IndexedSet<int, Purchase> set = data.ToIndexedSet(x => x.Id)
                                    .WithIndex(x => x.ProductId)
                                    .WithRangeIndex(x => x.Amount)
                                    .WithRangeIndex(x => x.UnitPrice)
                                    .WithRangeIndex(x => x.Amount * x.UnitPrice)
                                    .WithIndex(x => (x.ProductId, x.UnitPrice))
                                    .Build();

// efficient queries on configured indices
_ = set.Where(x => x.ProductId, 4);
_ = set.Range(x => x.Amount, 1, 3, inclusiveStart: true, inclusiveEnd: true);
_ = set.GreaterThanOrEqual(x => x.UnitPrice, 10);
_ = set.MaxBy(x => x.Amount * x.UnitPrice);
_ = set.Where(x => (x.ProductId, x.UnitPrice), (4, 10));

Design Goals

Much faster solution than (naive) LINQ-based full-enumeration
Syntax close to LINQ-Queries
Easy to use with a fluent builder API
Reflection & Expression-free to be AOT & Trimming friendly (for example for Blazor/WebASM)
It's not a db - in-memory only

Performance and Operation-Support of the different indices:

Below, you find runtime complexities. Benchmarks can be found here

General queries

n: total number of elements
m: number of elements in the return set
✔: Supported
⚠: Supported but throws if not exactly 1 item was found
❌: Not-supported

| Query | Unique-Index | NonUnique-Index | Range-Index | | --------- | ------------ | --------------- | --------------- | | Single | ⚠ O(1) | ⚠ O(1) | ⚠ O(log n) | | Where | ✔ O(1) | ✔ O(m) | ✔ O(log n + m) | | Range | ❌ | ❌ | ✔ O(log n + m) | | < / <= | ❌ | ❌ | ✔ O(log n + m) | | > / >= | ❌ | ❌ | ✔ O(log n + m) | | OrderBy | ❌ | ❌ | ✔ O(m) | | Max/Min | ❌ | ❌ | ✔ O(1) |

String queries

w: length of query word
D: maximum distance in fuzzy query
r: number of items in result set

| Query | Prefix-Index | FullText-Index | | ----------------| ------------ | -------------- | | StartWith | ✔ O(w+r) | ✔ O(w+r) | | Contains | ❌ | ✔ O(w+r) | | Fuzzy StartWith | ✔ O(w+D+r) | ✔ O(w+D+r) | | Fuzzy Contains | ❌ | ✔ O(w+D+r) |

ℹ FullText indices use a lot more memory than prefix indices and are more expensive to construct. Only use FullText indices if you really require it.

Spatial queries

The spatial index is based on an R*Tree. Runtime complexity for search of kNN is ~O(max height of tree), if we assume a low degree of overlap of the bounding boxes. Worst case in theory is O(n), but in practice the performance is usually pretty decent.

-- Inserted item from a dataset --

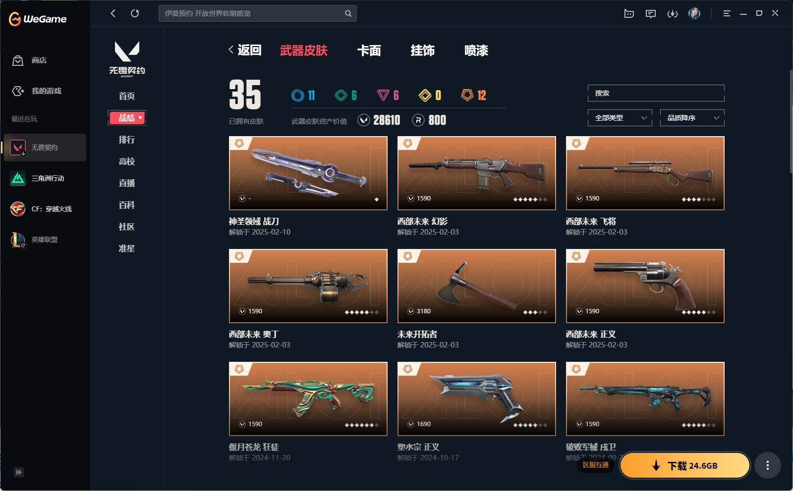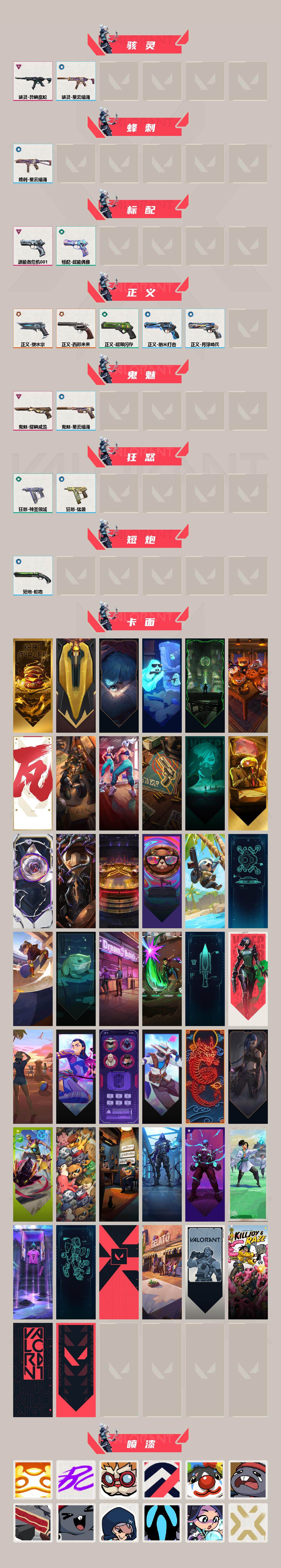 【1222】xl20282 【套装】:西部未来套装,耀鳞威龙套装 【英雄】:幻棱,炼狱,维斯,暮蝶,钛狐,壹决,铁臂,捷风,雷兹,幽影,不死鸟,贤者,猎枭,蝰蛇,零,芮娜,奇乐,尚勃勒,霓虹,斯凯,夜露,星礈,k/o,海神,盖可,黑梦,钢锁 【近战 武器】:近战武器-威龙之刃,近战武器-未来开拓者,近战武器-神圣领域 战刀 【狂徒】:狂徒-偃月苍龙,狂徒-耀鳞威龙 【幻影】:幻影-西部未来,幻影-侦察力量,幻影-神圣领域,幻影-西部未来 【戍卫】:戍卫-破败军械,戍卫-月球哨兵 【獠犬】:獠犬-神圣领域 【冥驹】:冥驹-堕天遗武,冥驹-星云暗涌 【飞将】:飞将-塑水宗,飞将-西部未来 【莽侠】:莽侠-rgx 11z pro//3.0,莽侠-月球哨兵 【战神】:战神-神圣领域 【奥丁】:奥丁-西部未来 【雄鹿】:雄鹿-月球哨兵 【骇灵】:骇灵-异鳞魔蛇,骇灵-星云暗涌 【蜂刺】:蜂刺-星云暗涌 【标配】:标配-源能者危机001,标配-超能偶像 【正义】:正义-塑水宗,正义-西部未来,正义-超限闪存,正义-纳米打击,正义-月球哨兵 【鬼魅】:鬼魅-耀鳞威龙,鬼魅-星云暗涌 【狂怒】:狂怒-神圣领域,狂怒-猛袭 【短炮】:短炮-蛇吻 【卡面】:终章:激斗汉堡 卡面,进入射程 卡面,《双城之战》拥抱 卡面,精灵大战 卡面,欢迎来到底城 卡面,南瓜盛典 卡面,vct cn首冠 卡面,修车达人 卡面,热舞环节 卡面,正义的化身 卡面,至黑之夜 卡面,终章:生意人麦宝 卡面,铁之华 卡面,时间到 卡面,最高舞台 卡面,音熊登场 卡面,树懒大作战 卡面,声感陷阱设计图 卡面,clutch 卡面,霓帧牛蛙 卡面,梦幻奶茶 卡面,源能反应 卡面,零点嗅探设计图 卡面,无畏契约:蝰蛇 卡面,沙雕爆能器 卡面,无畏契约go!第一卷:芮娜 卡面,清除名单 卡面,无畏契约go!第一卷:零 卡面,龍记 卡面,《双城之战》金克丝 卡面,势不可挡//盖可 卡面,同步耍酷 卡面,完美调谐 卡面 ,暗呛 卡面,势不可挡//k/o 卡面,夯实根基 卡面,"luie" 卡面,铁臂设计图 卡面,代号红色 卡面,冰淇淋店 卡面,新兵报到 卡面,友军火力 卡面,v契约 卡面,无畏契约 卡面 【喷漆】:嗨宝南瓜灯 喷漆,嘭! 喷漆,都算到了 喷漆,控场勿近 喷漆,小丑猫 喷漆,熊抱 喷漆,蛋糕还是爆能器? 喷漆,超级粉丝 喷漆,捷风差距 喷漆,惊声尖叫 喷漆,水晶球 喷漆,2021冠军巡回赛花火 喷漆,战术熊的巴拉莱卡琴 喷漆,拼一呛 喷漆,我觉得不行 喷漆,蝰蛇 喷漆,我的刀呢? 喷漆,致命毒素 喷漆,喜欢哪种毒? 喷漆,新潮流 喷漆,双击点赞 喷漆,买装还是存钱 喷漆,醒狮贺春 喷漆,红鳞 喷漆,旅行小熊 喷漆,蕊形灯 喷漆,老铁困了 喷漆,口袋贤者 喷漆,胜利属于无畏契约 喷漆,glhf 喷漆,无畏契约 喷漆 【挂饰】:终章:猫猫木乃伊 挂饰,悠闲鸡块 挂饰,伞绳 挂饰,《双城之战》小蛋糕 挂饰,第九季//第三幕 纪念币 挂饰,工具腰带 挂饰,鱼骨头 挂饰,熔岩灯 挂饰,瞬云履 挂饰,第九季//第二幕 纪念币 挂饰,终章:这瓜保熟 挂饰,糖葫芦 挂饰,袖珍捷风 挂饰,丢麦 挂饰,迷你浓缩 挂饰,尤克里里 挂饰,z世代特饮 挂饰,第九季//第一幕 纪念币 挂饰,战术河童 挂饰,荧光棒 挂饰,化学容器 挂饰,第八季//第三幕 纪念币 挂饰,第八季//第二幕 纪念币 挂饰 ,天外飞客 挂饰,好运福爪 挂饰,《双城之战》魄罗 挂饰,酷闪轮滑 挂饰,瞄这里 挂饰,第八季//第一幕 纪念币 挂饰,冬日絮语 挂饰,第七季//第三幕 纪念币 挂饰,幸运中国结 挂饰,第七季//第二幕 纪念币 挂饰,无畏契约 纪念币 挂饰

ℹ The performance of spatial queries depends heavily on the distribution of the data. Consider using bulk-loading (i.e. specify the data at indexedset creation) for best performance.

Vector queries

Vector indices use approximate nearest neighbor (ANN) search based on a Fresh Vamana graph. This provides very fast similarity search for high-dimensional vectors, commonly used for similarity search or semantic search with embeddings. The runtime complexity for Fresh Vamana-ANN depends on the dataset, construction etc, but in practice is sub-linear and scales well to large datasets.

Features

Unique index

Dictionary-based, O(1), access on keys:

IndexedSet<int, Data> set = IndexedSetBuilder<Data>.Create(a => a.PrimaryKey)
                                                   .WithUniqueIndex(x => x.SecondaryKey)
                                                   .Build();

_ = set.Add(new(PrimaryKey: 1, SecondaryKey: 5));

// fast access via primary key
Data data = set[1];

// fast access via secondary key
data = set.Single(x => x.SecondaryKey, 5);

ℹ Entities do not require a primary key. IndexedSet<TPrimaryKey, TData> inherits from IndexedSet<TData> but provides convenient access to the automatically added unique index: set[primaryKey] instead of set.Single(x => x.PrimaryKey, primaryKey).

Non-unique index

Dictionary-based, O(1), access on keys (single value) with multiple values (multiple keys):

IndexedSet<int, Data>? set = new Data[] { new(PrimaryKey: 1, SecondaryKey: 5), new(PrimaryKey: 2, SecondaryKey: 5) }
    .ToIndexedSet(x => x.PrimaryKey)
    .WithIndex(x => x.SecondaryKey)
    .Build();

// fast access via secondary key
IEnumerable<Data> data = set.Where(x => x.SecondaryKey, 5);

Range index

Binary-heap based O(log(n)) access for range based, smaller than (or equals) or bigger than (or equals) and orderby queries. Also useful to do paging sorted on exactly one index.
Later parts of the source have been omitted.